Instructions to follow:
In the copy of these records, include no pictures and change nothing else.

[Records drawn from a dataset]

━━━━━━━━━━━━━━━━

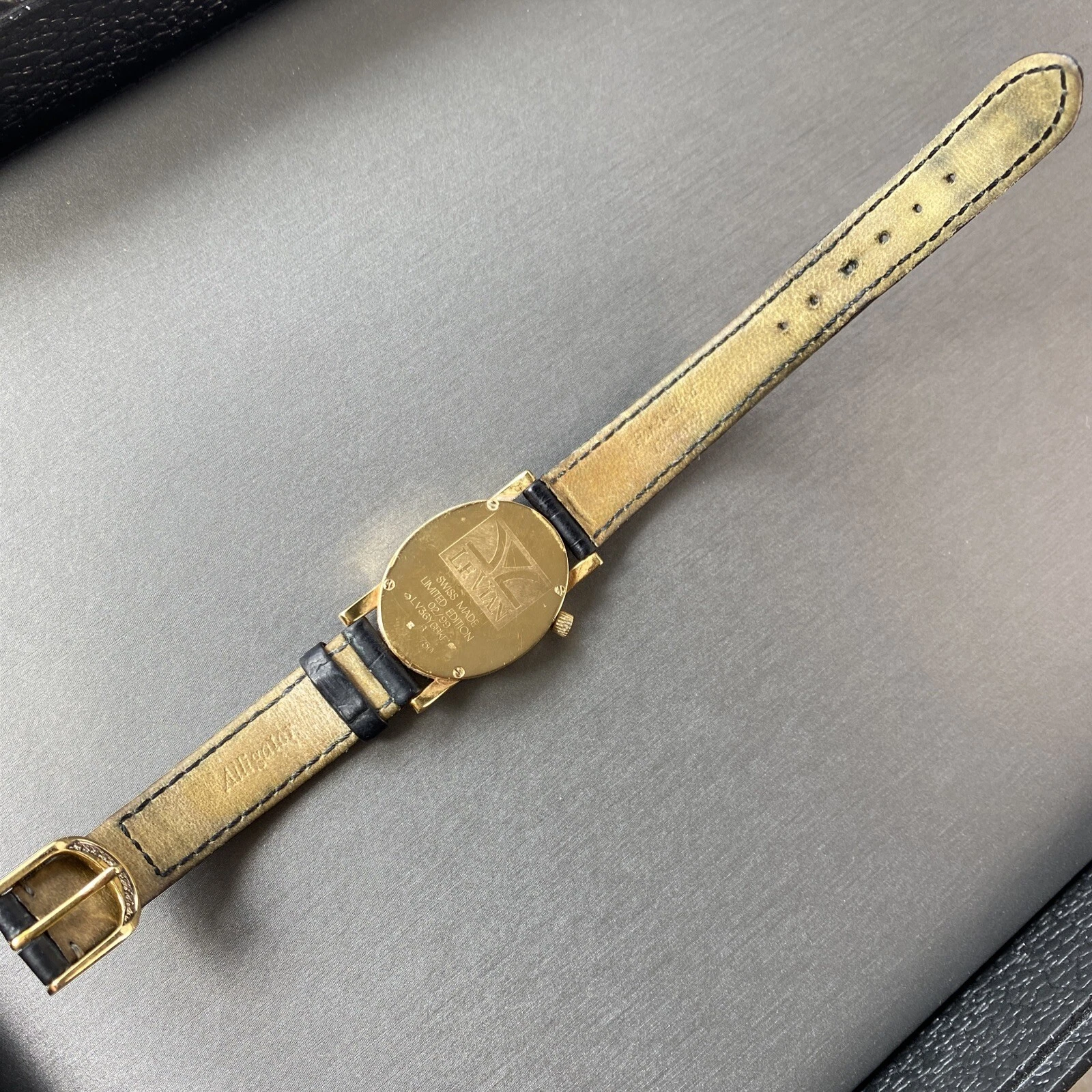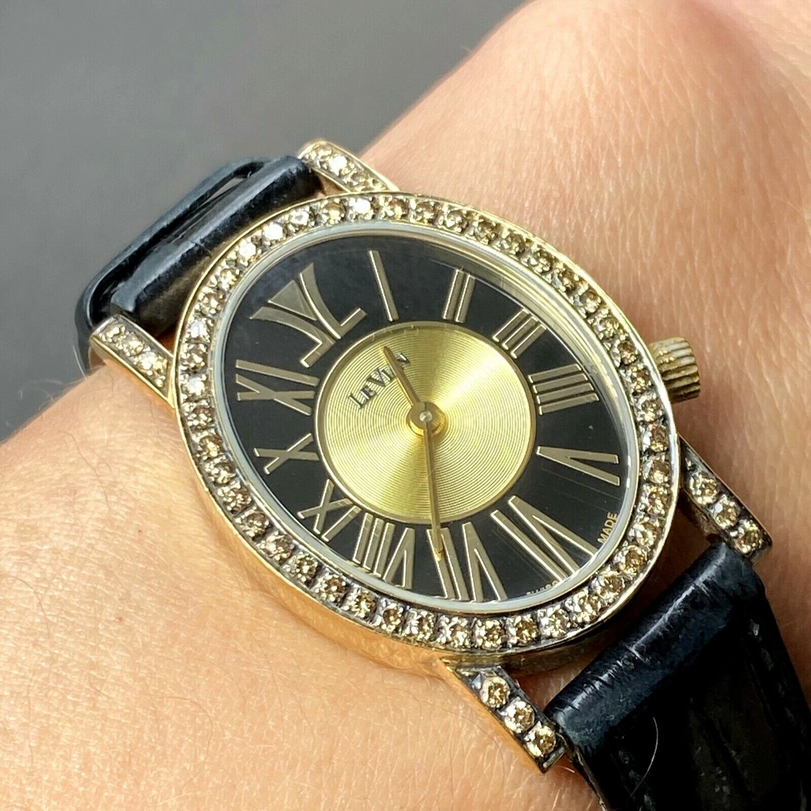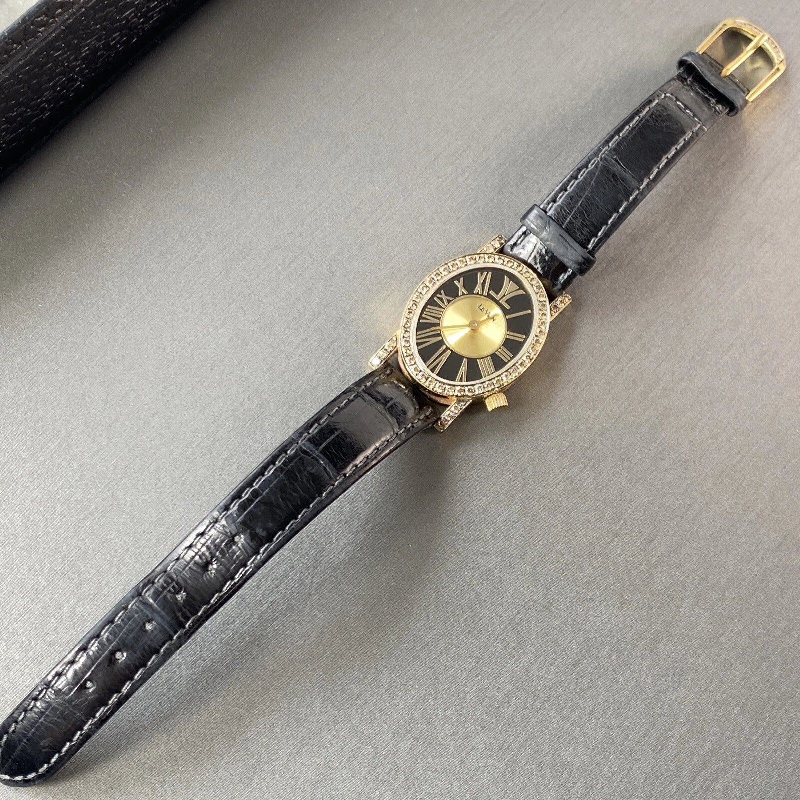 Levian Centurion Yellow Diamond 18K Yellow Gold Black Dial Watch Croc Band
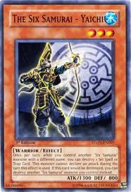| Unlimited Once per turn, while you control another "Six Samurai" monster with a different name, you can destroy 1 Set Spell or Trap Card. This monster cannot declare an attack during the turn this effect is used. If this card would be destroyed, you can destroy another "Six Samurai" monster you control instead. |
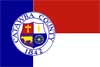 The Shield is divided into four parts, representing the national colors of red, white, and blue, with the fourth color of royal purple representing the blending of the national red and blue into royal purple. The county through the royal purple stands by the national colors.
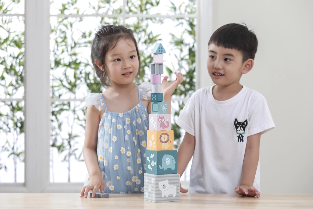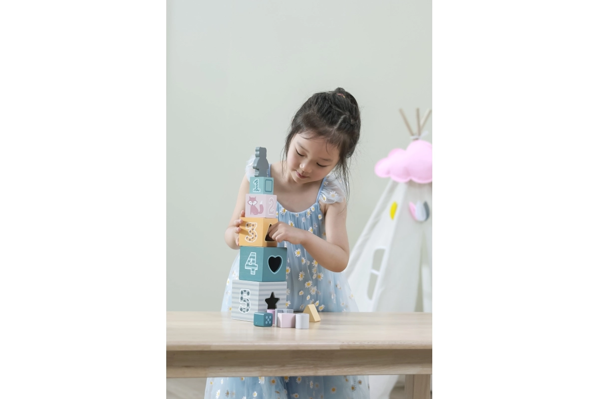 Torņa kluču komplekts piedāvā interaktīvu veidu, kā attīstīt bērnu iztēli un loģisko domāšanu.
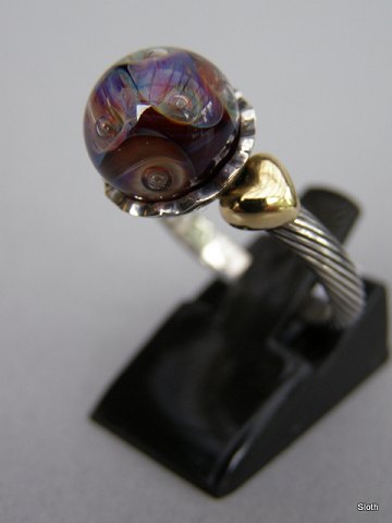 Sølvring 925 S. m. 750 Gukdhjerter og Flerfarvet Glasperle
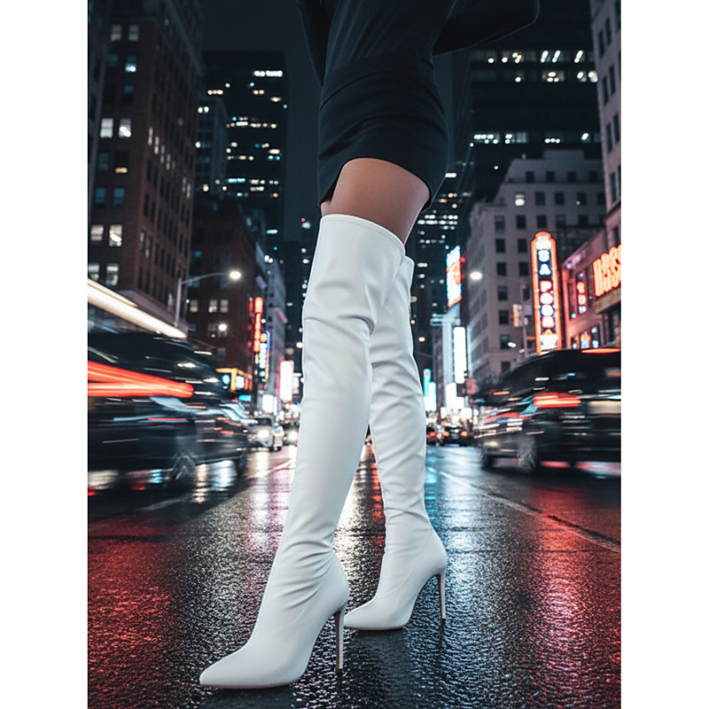 Women's Black Boots Over-the-Knee Boots with Stiletto Heel - Pointed Toe High Heel Boots for Evening Party
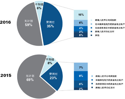 今年的调查结果和2015年的调查结果对比显示境内公司使用人民币进行跨境贸易结算的数量有所减少。

━━━━━━━━━━━━━━━━

Solution to this task:
 Levian Centurion Yellow Diamond 18K Yellow Gold Black Dial Watch Croc Band
| Unlimited Once per turn, while you control another "Six Samurai" monster with a different name, you can destroy 1 Set Spell or Trap Card. This monster cannot declare an attack during the turn this effect is used. If this card would be destroyed, you can destroy another "Six Samurai" monster you control instead. |
 The Shield is divided into four parts, representing the national colors of red, white, and blue, with the fourth color of royal purple representing the blending of the national red and blue into royal purple. The county through the royal purple stands by the national colors.
 Torņa kluču komplekts piedāvā interaktīvu veidu, kā attīstīt bērnu iztēli un loģisko domāšanu.
 Sølvring 925 S. m. 750 Gukdhjerter og Flerfarvet Glasperle
 Women's Black Boots Over-the-Knee Boots with Stiletto Heel - Pointed Toe High Heel Boots for Evening Party
 今年的调查结果和2015年的调查结果对比显示境内公司使用人民币进行跨境贸易结算的数量有所减少。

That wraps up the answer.